TO DO ::
Everything from the line containing "Once your basil" through the final line below must be output exactly, both ends included, with nothing else and no pictures.

------

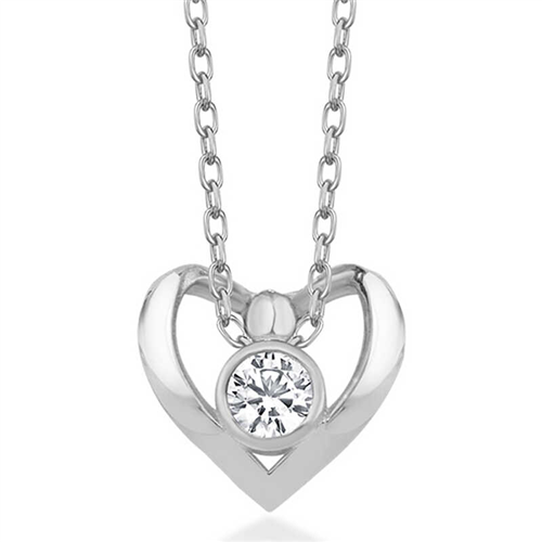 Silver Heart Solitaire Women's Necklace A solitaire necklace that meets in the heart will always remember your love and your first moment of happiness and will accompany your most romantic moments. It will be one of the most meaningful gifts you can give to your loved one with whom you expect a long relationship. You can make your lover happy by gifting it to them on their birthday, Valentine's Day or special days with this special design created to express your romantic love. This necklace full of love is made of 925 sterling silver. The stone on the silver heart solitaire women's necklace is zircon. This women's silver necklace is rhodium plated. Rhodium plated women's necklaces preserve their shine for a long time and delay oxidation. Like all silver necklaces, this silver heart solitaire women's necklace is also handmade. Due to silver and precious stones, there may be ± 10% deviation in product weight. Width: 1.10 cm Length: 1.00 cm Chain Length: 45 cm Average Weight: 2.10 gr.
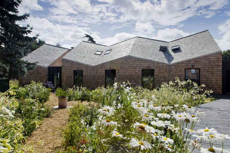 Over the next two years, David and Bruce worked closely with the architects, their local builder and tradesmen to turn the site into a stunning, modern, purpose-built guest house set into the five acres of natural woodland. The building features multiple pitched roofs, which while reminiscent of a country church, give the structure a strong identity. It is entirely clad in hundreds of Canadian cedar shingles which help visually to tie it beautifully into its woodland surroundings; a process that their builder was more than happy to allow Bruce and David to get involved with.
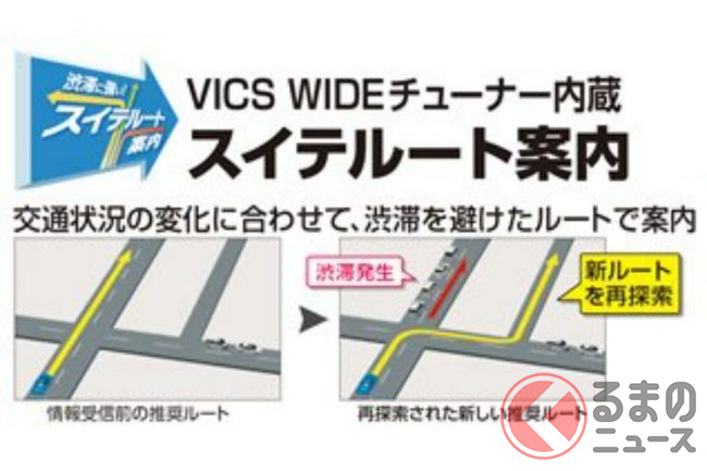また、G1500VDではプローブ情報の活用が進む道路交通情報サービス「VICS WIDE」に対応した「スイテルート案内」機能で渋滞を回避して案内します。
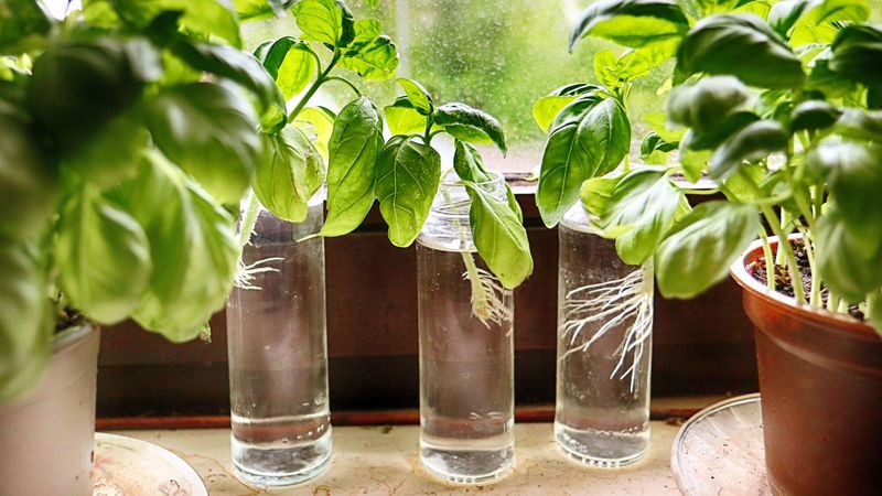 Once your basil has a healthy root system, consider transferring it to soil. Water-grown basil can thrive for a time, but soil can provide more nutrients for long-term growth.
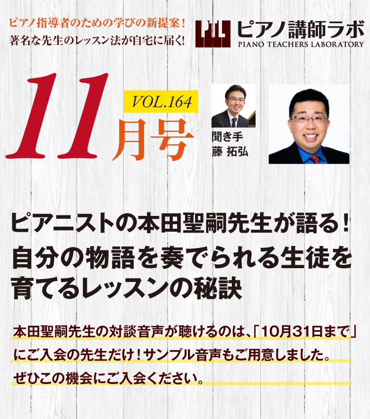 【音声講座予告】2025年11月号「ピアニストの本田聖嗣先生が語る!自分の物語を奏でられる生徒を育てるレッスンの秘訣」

------

SOLUTION TO THE EXERCISE ::
 Once your basil has a healthy root system, consider transferring it to soil. Water-grown basil can thrive for a time, but soil can provide more nutrients for long-term growth.
 【音声講座予告】2025年11月号「ピアニストの本田聖嗣先生が語る!自分の物語を奏でられる生徒を育てるレッスンの秘訣」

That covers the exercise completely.